Recorded data:
..........
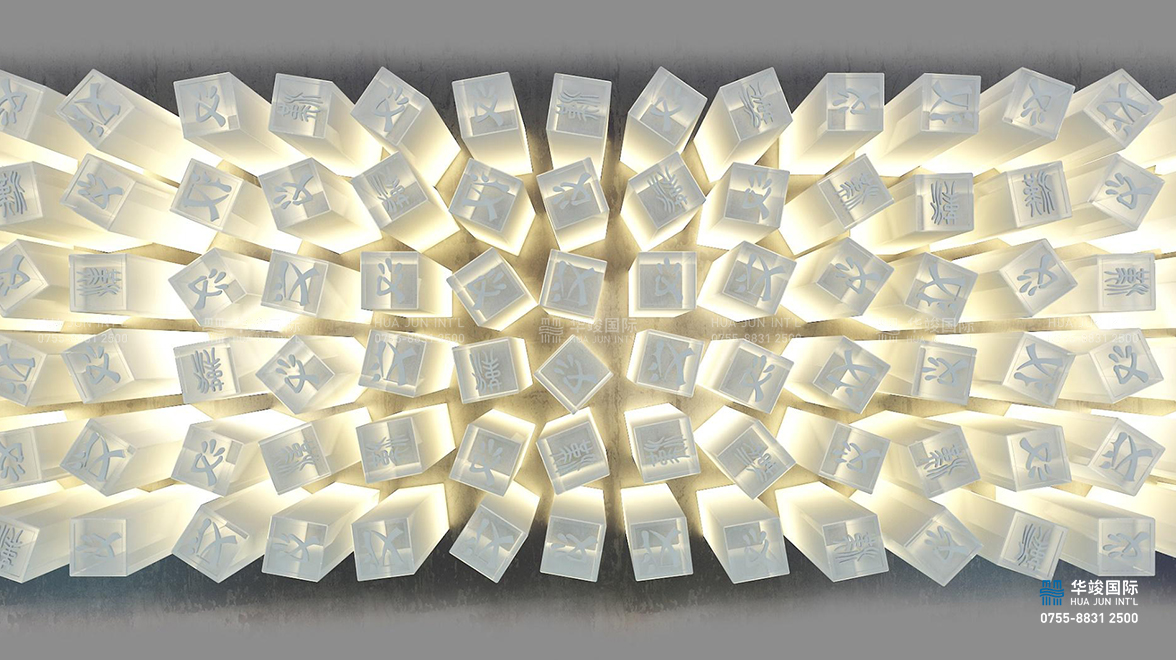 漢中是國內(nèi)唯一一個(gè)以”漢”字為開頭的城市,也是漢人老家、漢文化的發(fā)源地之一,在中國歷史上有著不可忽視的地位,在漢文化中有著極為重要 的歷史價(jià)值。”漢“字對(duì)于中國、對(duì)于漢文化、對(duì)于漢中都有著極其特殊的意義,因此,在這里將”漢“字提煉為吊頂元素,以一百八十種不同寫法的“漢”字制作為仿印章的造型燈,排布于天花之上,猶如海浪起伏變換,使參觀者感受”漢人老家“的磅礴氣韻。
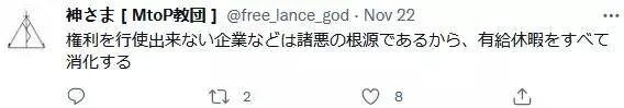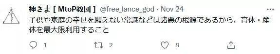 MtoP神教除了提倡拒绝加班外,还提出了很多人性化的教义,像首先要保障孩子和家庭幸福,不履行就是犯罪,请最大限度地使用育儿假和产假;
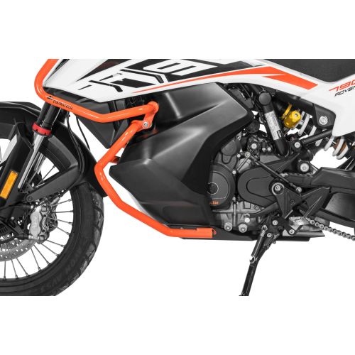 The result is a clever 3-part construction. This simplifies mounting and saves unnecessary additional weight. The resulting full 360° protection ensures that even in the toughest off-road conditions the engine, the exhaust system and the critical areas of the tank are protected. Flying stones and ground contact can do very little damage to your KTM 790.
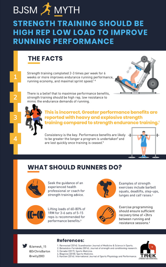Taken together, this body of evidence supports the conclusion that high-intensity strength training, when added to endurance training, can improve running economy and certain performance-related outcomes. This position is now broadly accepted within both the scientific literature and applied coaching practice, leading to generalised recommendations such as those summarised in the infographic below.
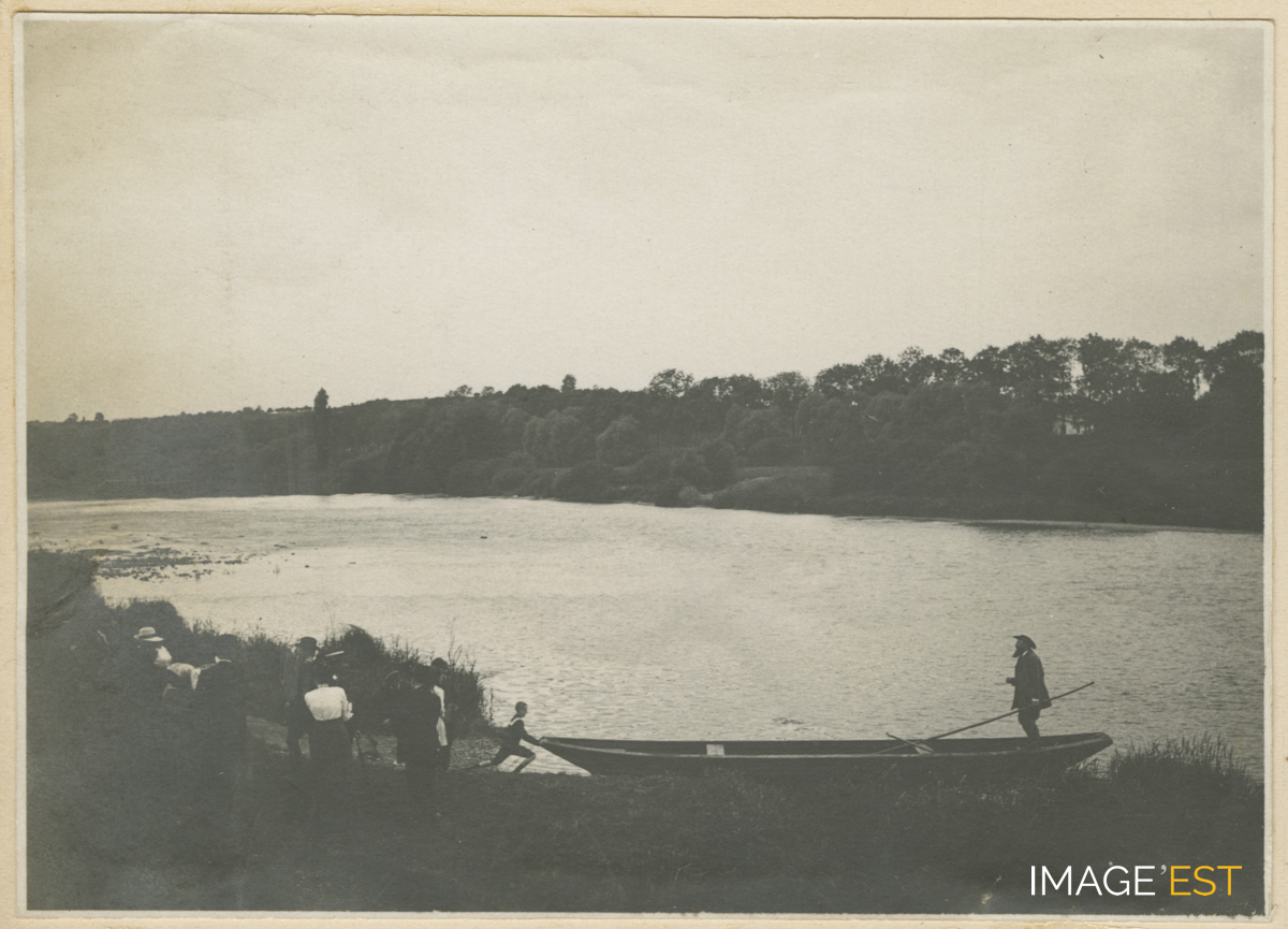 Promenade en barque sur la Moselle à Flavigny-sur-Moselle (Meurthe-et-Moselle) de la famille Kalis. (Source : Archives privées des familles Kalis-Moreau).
..........
Work to be completed: Write out, exactly and with no pictures, the lines of the data from the first through the line containing "Taken together, this".

Output for this exercise:
 漢中是國內(nèi)唯一一個(gè)以”漢”字為開頭的城市,也是漢人老家、漢文化的發(fā)源地之一,在中國歷史上有著不可忽視的地位,在漢文化中有著極為重要 的歷史價(jià)值。”漢“字對(duì)于中國、對(duì)于漢文化、對(duì)于漢中都有著極其特殊的意義,因此,在這里將”漢“字提煉為吊頂元素,以一百八十種不同寫法的“漢”字制作為仿印章的造型燈,排布于天花之上,猶如海浪起伏變換,使參觀者感受”漢人老家“的磅礴氣韻。
 MtoP神教除了提倡拒绝加班外,还提出了很多人性化的教义,像首先要保障孩子和家庭幸福,不履行就是犯罪,请最大限度地使用育儿假和产假;
 The result is a clever 3-part construction. This simplifies mounting and saves unnecessary additional weight. The resulting full 360° protection ensures that even in the toughest off-road conditions the engine, the exhaust system and the critical areas of the tank are protected. Flying stones and ground contact can do very little damage to your KTM 790.
Taken together, this body of evidence supports the conclusion that high-intensity strength training, when added to endurance training, can improve running economy and certain performance-related outcomes. This position is now broadly accepted within both the scientific literature and applied coaching practice, leading to generalised recommendations such as those summarised in the infographic below.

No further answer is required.